Analysis of cells that were exposed to ionizing radiation to induce DSBs revealed that irradiation first caused a decrease in the chromatin occupancy of USP51, followed by a robust increase in USP51 recruitment to chromatin. Concomitantly, chromatin-bound H2AK13,15ub was prominent following irradiation but nearly undetectable 4 hours later. Notably, USP51 depletion accelerated the formation of H2AK13,15ub immunopositive foci following irradiation, and these foci were not efficiently resolved. This increase and persistence of H2AK13,15ub was associated with elevated recruitment of DSB repair factors to the DNA, enhanced DDR and increased cellular sensitivity to radiation. Collectively, these results indicate that USP51 is a novel regulator of DDR, which, through controlling H2A ubiquitylation levels, ensures timely and efficient repair of DSBs.

Gracheva et al. investigated ubiquitylation-mediated regulation of nucleotide excision repair (NER).
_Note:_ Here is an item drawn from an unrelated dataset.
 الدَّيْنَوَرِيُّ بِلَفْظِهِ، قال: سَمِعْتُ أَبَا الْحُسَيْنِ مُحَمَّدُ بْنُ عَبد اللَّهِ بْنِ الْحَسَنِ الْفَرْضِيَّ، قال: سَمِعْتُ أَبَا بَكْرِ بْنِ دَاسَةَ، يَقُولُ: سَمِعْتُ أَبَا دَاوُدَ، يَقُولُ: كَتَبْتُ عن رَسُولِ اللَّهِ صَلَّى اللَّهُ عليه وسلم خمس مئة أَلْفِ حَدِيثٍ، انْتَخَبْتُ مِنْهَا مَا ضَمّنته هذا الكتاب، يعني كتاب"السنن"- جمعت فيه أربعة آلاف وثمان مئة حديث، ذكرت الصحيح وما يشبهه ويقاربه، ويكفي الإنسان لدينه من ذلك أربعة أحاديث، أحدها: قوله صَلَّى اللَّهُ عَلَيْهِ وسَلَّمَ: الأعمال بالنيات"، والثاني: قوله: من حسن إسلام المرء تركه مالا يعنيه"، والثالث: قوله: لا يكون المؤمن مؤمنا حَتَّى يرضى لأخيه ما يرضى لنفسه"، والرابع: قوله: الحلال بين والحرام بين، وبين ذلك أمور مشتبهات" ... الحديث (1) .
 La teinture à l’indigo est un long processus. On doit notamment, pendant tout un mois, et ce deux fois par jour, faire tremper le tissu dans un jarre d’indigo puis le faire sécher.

NER removes ultraviolet (UV) radiation-induced DNA lesions through a mechanism involving H2A ubiquitylation mediated by the ubiquitin ligase complex composed of damage-specific DNA-binding protein 1 (DDB1), DDB2, RING-box 1 E3 ubiquitin protein ligase (RBX1) and cullin 4A (CUL4A) or CUL4B. The authors revealed that yet another ubiquitin ligase, RING finger protein 1B (RING1B), is involved in H2A ubiquitylation following UV irradiation, and biochemical analyses demonstrated that in this context, RING1B forms a previously unrecognized complex with DDB1, DDB2 and CUL4B.
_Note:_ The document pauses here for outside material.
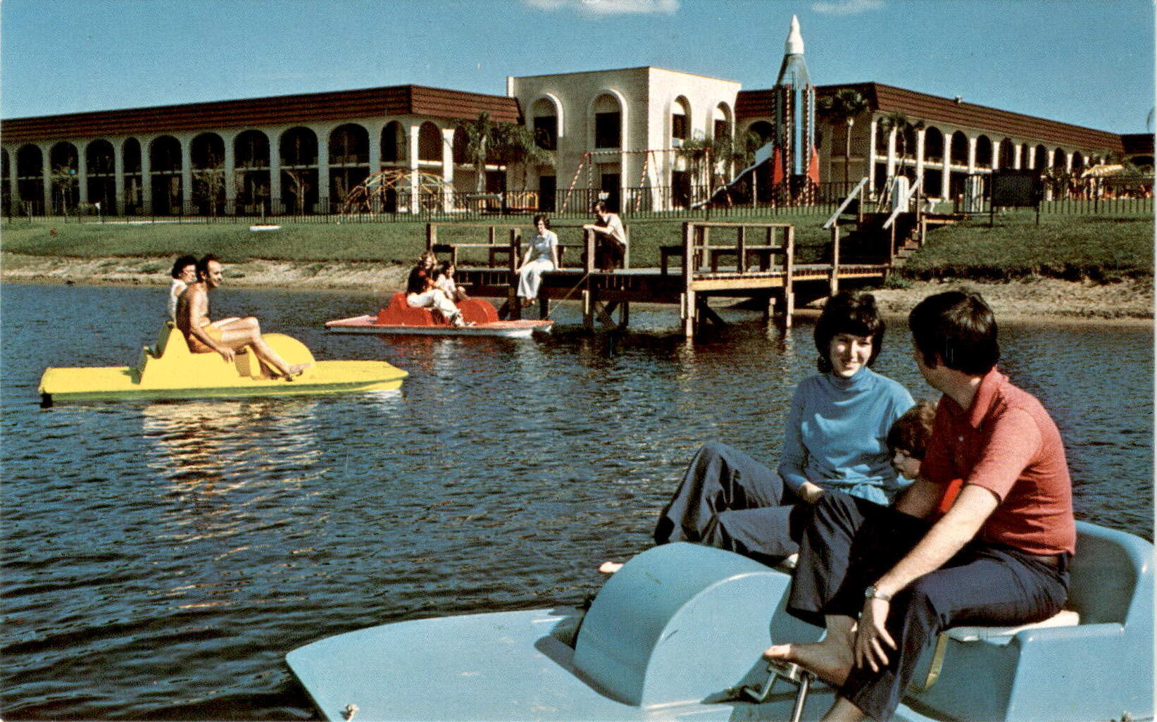 Back of PostcardThe postcard advertises the Sheraton-Lakeside Inn in Kissimmee, Florida, located 1.8 miles from the entrance to Walt Disney World. The inn offers a restaurant, cocktail lounge, lakefront view, swimming pools, kiddies playground, recreation room, paddleboats, shuffleboard, basketball, fishing, color TV, and Herbie’s Ice Cream parlor.

As previous studies identified zuotin-related factor 1 (ZRF1) as a negative regulator of RING1B-chromatin interactions, its role in NER was next investigated. Interestingly, ZRF1 depletion enhanced RING1B occupancy at the chromatin following UV treatment but impaired the recruitment of CUL4A to the chromatin. This, together with in vitro experiments, indicated that ZRF1, through displacing RING1B from chromatin, acts at UV-induced lesions to mediate the exchange of the cullin–RING1B subunit within the ubiquitin ligase complex for cullin–RBX1. This suggested that ZRF1 functions as a molecular switch, which orchestrates ubiquitylating activity during NER. In line with this, ZRF1 depletion impaired ubiquitylation of xeroderma pigmentosum, complementation group C (XPC), which is a main initiator of NER and a known substrate of RBX1 ubiquitylation. The authors propose that the RING1B-containing ubiquitin ligase complex is recruited to UV-mediated lesions early during NER and ubiquitylates H2A, thereby providing an initial platform for the recruitment of NER factors. However, for proper execution of NER, this ubiquitin ligase complex needs to be remodelled through the ZRF1-mediated exchange of RING1B for RBX1, which can then ubiquitylate further targets.
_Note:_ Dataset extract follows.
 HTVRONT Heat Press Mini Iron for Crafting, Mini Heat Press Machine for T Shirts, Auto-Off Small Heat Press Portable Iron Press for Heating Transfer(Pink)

ubiquitylation at DNA damage sites is highly complex and dynamic

In sum, both studies highlight that the regulation of ubiquitylation at DNA damage sites is highly complex and dynamic. It will now be important to integrate results obtained by studying different types of DNA damage in diverse models to gain a more holistic understanding of how ubiquitin-mediated signalling contributes to genome integrity.